Argumen Apple dan Standar Industri
AdApple secara pribadi menentang tuduhan tersebut. Dalam suratnya pada bulan Agustus, perusahaan berargumen bahwa tidak memberikan garansi pada perangkat lunak sejalan dengan standar industri global. Apple menyatakan bahwa klausul tanpa garansi ini tidak biasa dan diikuti oleh perusahaan elektronik besar lainnya seperti Sony dan Samsung.
Menurut Apple, perjanjian lisensi perangkat lunak mereka secara eksplisit menyatakan bahwa perangkat lunak disediakan "tanpa jaminan apa pun". Perusahaan juga menekankan bahwa kasus CCPA hanya didasarkan pada 75 keluhan dan iOS 18 telah melalui pengujian yang ketat. Apple berpendapat bahwa mengharuskan setiap masalah diperlakukan sebagai pelanggaran garansi absolut akan secara efektif mengubah penyedia perangkat lunak menjadi "penjamin terhadap semua risiko teknologi."
Implikasi bagi Pasar Utama Apple
Investigasi ini menjadi tantangan terbaru bagi Apple di India, sebuah pasar pertumbuhan yang krusial. Pangsa pasar iPhone di negara tersebut meningkat menjadi 9% pada tahun lalu, naik dari 4% pada tahun 2022, menurut data Counterpoint Research.

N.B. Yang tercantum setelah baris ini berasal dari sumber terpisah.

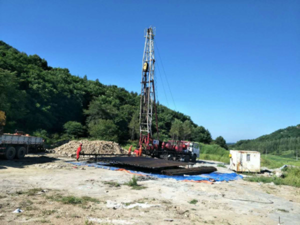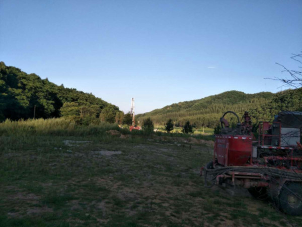 圖片新聞:公司院內(nèi)的地?zé)嵩囼炓痪?,下套管施工?017年史文全報道)

Apple juga sedang gencar memperluas produksi iPhone di India.
Jika terbukti bersalah, Apple dapat menghadapi denda dan, yang lebih penting, dapat dipaksa untuk memberikan pengembalian dana atau mengubah praktik bisnisnya terkait garansi perangkat lunak. Kasus ini mengingatkan pada sanksi yang dijatuhkan Italia kepada Apple pada tahun 2018 karena tidak menginformasikan konsumen tentang dampak pembaruan iOS 10 terhadap kinerja iPhone model lama.